● **Exercise description**: Only the lines in the entries below from the line with "He crossed the" to the line with "袁艺津同学作为带队志愿者对本", both included, belong in the answer, transcribed exactly and without pictures.
....
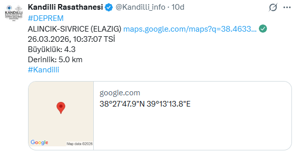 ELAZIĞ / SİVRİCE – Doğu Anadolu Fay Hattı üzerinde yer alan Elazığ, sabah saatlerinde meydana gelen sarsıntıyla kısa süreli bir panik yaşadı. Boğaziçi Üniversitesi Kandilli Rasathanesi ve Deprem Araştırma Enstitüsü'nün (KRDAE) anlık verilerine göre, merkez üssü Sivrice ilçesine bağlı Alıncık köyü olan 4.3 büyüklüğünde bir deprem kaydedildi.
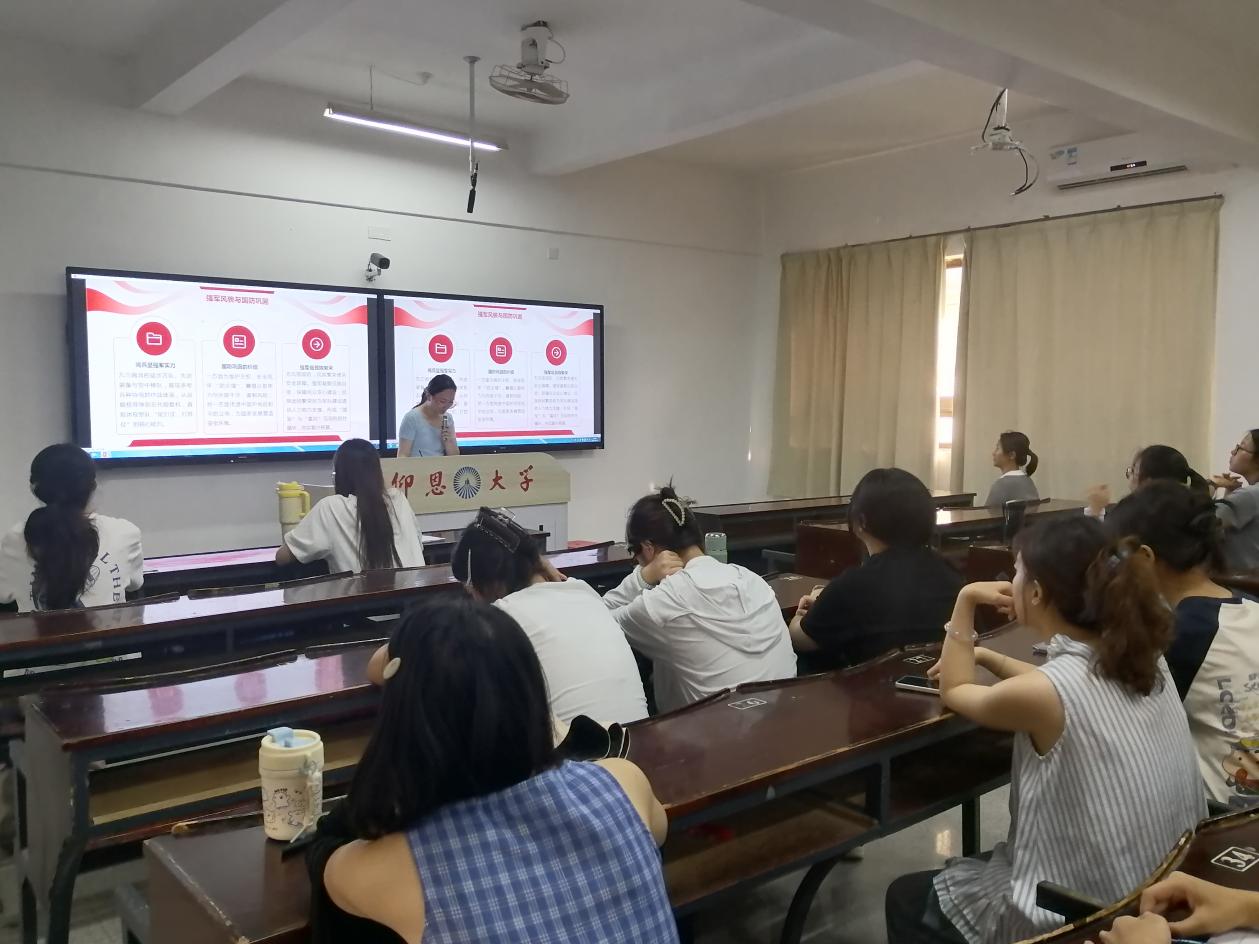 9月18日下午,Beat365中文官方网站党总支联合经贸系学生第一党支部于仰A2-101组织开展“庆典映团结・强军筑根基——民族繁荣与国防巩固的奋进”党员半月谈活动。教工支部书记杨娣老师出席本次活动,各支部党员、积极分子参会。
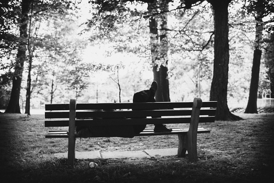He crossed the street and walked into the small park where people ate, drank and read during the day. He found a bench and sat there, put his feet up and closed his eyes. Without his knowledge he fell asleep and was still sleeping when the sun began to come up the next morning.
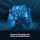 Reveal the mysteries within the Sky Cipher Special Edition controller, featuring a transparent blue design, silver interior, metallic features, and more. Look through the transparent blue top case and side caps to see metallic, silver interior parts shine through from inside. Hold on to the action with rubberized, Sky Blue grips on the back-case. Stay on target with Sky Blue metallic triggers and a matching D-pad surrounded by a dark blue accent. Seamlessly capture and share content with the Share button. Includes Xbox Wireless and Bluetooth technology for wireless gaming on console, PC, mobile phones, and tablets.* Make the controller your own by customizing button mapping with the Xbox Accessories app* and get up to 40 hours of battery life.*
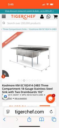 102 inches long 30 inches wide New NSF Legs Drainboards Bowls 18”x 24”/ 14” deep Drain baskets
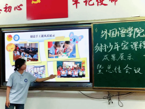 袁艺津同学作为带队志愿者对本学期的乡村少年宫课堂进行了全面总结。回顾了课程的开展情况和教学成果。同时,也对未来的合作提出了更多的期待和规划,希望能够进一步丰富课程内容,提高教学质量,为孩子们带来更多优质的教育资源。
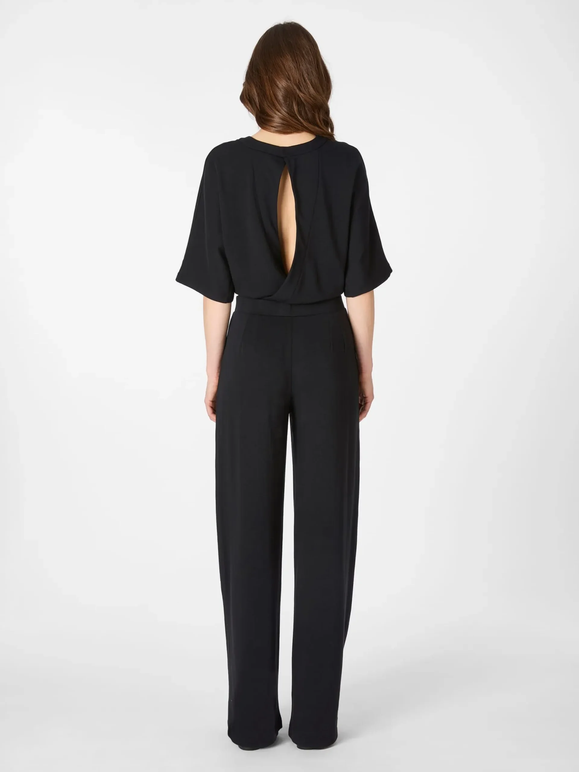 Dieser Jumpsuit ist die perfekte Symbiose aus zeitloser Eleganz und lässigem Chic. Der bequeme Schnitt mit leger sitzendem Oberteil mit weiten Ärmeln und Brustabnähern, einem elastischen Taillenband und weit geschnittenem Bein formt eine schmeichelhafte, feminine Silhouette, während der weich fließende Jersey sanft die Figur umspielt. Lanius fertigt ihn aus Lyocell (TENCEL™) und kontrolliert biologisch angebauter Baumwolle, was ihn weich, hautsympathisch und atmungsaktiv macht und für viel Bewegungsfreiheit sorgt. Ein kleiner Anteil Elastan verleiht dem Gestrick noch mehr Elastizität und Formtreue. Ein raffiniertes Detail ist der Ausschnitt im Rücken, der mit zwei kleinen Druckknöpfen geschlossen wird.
....
● **Output for this task**:
He crossed the street and walked into the small park where people ate, drank and read during the day. He found a bench and sat there, put his feet up and closed his eyes. Without his knowledge he fell asleep and was still sleeping when the sun began to come up the next morning.
 Reveal the mysteries within the Sky Cipher Special Edition controller, featuring a transparent blue design, silver interior, metallic features, and more. Look through the transparent blue top case and side caps to see metallic, silver interior parts shine through from inside. Hold on to the action with rubberized, Sky Blue grips on the back-case. Stay on target with Sky Blue metallic triggers and a matching D-pad surrounded by a dark blue accent. Seamlessly capture and share content with the Share button. Includes Xbox Wireless and Bluetooth technology for wireless gaming on console, PC, mobile phones, and tablets.* Make the controller your own by customizing button mapping with the Xbox Accessories app* and get up to 40 hours of battery life.*
 102 inches long 30 inches wide New NSF Legs Drainboards Bowls 18”x 24”/ 14” deep Drain baskets
 袁艺津同学作为带队志愿者对本学期的乡村少年宫课堂进行了全面总结。回顾了课程的开展情况和教学成果。同时,也对未来的合作提出了更多的期待和规划,希望能够进一步丰富课程内容,提高教学质量,为孩子们带来更多优质的教育资源。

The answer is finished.